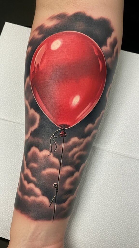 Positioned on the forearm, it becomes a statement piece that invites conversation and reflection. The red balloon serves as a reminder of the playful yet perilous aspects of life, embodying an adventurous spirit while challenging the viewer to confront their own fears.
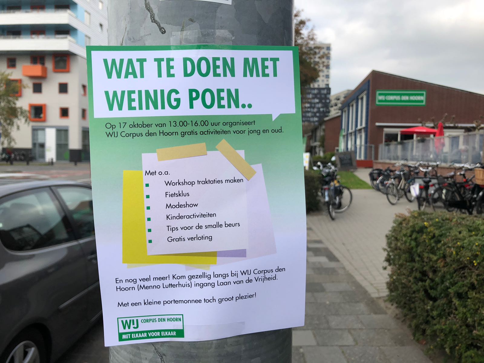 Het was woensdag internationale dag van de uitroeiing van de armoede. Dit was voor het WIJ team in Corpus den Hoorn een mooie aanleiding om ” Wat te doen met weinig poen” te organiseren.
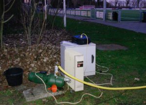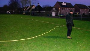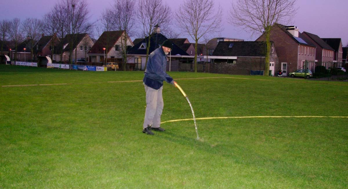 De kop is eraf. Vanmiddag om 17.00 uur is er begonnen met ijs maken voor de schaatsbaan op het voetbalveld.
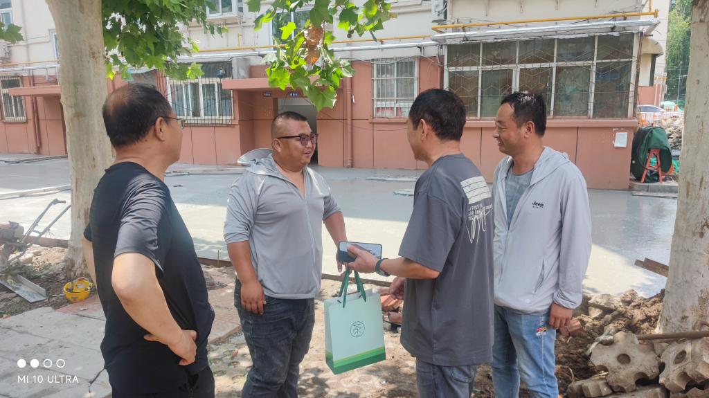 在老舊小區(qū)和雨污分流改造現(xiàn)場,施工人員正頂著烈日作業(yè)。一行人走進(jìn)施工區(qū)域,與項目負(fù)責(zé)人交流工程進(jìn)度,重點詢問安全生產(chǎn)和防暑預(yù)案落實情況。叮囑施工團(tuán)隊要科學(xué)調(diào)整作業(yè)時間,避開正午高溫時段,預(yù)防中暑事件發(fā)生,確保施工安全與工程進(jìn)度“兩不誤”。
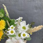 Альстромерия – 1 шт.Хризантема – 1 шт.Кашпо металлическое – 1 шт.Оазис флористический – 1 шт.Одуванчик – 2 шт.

○ ○ ○ ○ ○

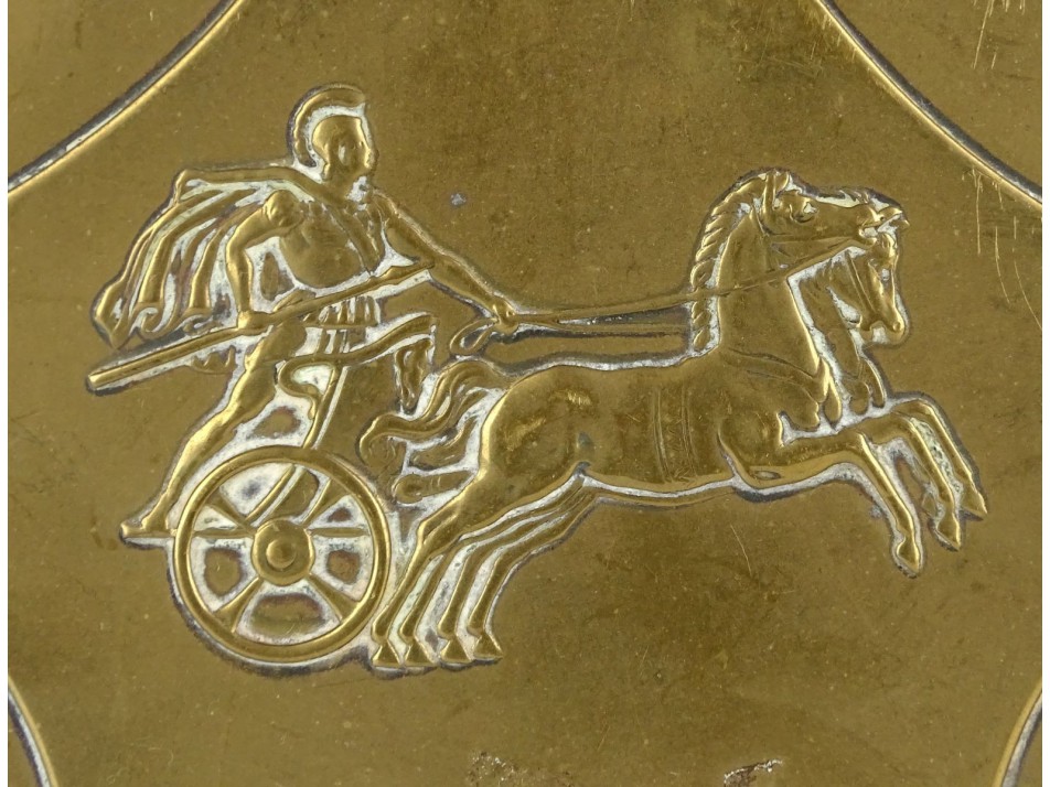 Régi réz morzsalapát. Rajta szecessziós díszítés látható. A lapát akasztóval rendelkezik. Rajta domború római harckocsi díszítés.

○ ○ ○ ○ ○

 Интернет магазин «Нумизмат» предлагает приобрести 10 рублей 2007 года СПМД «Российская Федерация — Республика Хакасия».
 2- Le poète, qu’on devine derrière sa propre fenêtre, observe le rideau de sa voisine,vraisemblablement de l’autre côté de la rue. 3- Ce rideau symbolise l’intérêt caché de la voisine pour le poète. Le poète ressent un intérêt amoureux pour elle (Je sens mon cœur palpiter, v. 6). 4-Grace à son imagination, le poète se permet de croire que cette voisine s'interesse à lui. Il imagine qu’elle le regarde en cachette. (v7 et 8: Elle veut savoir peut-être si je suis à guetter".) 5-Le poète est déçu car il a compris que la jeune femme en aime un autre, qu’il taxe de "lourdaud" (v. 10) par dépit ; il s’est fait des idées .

○ ○ ○ ○ ○

> _INSTRUCTIONS TO FOLLOW_
Take the material above from the line bearing "Positioned on the" through the line bearing "Альстромерия – 1" and write it out exactly, both end lines included. Pictures stay out.

> _OUTPUT_
 Positioned on the forearm, it becomes a statement piece that invites conversation and reflection. The red balloon serves as a reminder of the playful yet perilous aspects of life, embodying an adventurous spirit while challenging the viewer to confront their own fears.
 Het was woensdag internationale dag van de uitroeiing van de armoede. Dit was voor het WIJ team in Corpus den Hoorn een mooie aanleiding om ” Wat te doen met weinig poen” te organiseren.
 De kop is eraf. Vanmiddag om 17.00 uur is er begonnen met ijs maken voor de schaatsbaan op het voetbalveld.
 在老舊小區(qū)和雨污分流改造現(xiàn)場,施工人員正頂著烈日作業(yè)。一行人走進(jìn)施工區(qū)域,與項目負(fù)責(zé)人交流工程進(jìn)度,重點詢問安全生產(chǎn)和防暑預(yù)案落實情況。叮囑施工團(tuán)隊要科學(xué)調(diào)整作業(yè)時間,避開正午高溫時段,預(yù)防中暑事件發(fā)生,確保施工安全與工程進(jìn)度“兩不誤”。
 Альстромерия – 1 шт.Хризантема – 1 шт.Кашпо металлическое – 1 шт.Оазис флористический – 1 шт.Одуванчик – 2 шт.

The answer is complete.